# REQUIRED ACTION:
Would you repeat exactly the part of the listing below that runs from the line containing "Ladies' golf balls" down to the line containing "代表委員会、集会委員会、放送", inclusive, and nothing else?

━━━━━ SOURCE INFORMATION

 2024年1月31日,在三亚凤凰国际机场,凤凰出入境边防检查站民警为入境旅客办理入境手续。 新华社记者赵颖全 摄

━━━━━━━━━━
━━━━━ SOURCE INFORMATION

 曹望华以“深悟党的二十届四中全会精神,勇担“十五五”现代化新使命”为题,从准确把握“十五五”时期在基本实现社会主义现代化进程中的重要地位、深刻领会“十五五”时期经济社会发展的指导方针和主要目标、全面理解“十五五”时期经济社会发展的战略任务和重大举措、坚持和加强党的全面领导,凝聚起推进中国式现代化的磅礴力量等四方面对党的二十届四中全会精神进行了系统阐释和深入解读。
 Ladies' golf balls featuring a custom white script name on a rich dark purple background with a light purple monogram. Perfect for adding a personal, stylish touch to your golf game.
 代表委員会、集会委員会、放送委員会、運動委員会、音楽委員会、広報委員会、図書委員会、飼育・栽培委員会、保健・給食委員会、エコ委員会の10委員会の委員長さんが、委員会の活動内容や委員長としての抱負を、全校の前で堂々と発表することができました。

━━━━━━━━━━

# TASK OUTPUT:
 Ladies' golf balls featuring a custom white script name on a rich dark purple background with a light purple monogram. Perfect for adding a personal, stylish touch to your golf game.
 代表委員会、集会委員会、放送委員会、運動委員会、音楽委員会、広報委員会、図書委員会、飼育・栽培委員会、保健・給食委員会、エコ委員会の10委員会の委員長さんが、委員会の活動内容や委員長としての抱負を、全校の前で堂々と発表することができました。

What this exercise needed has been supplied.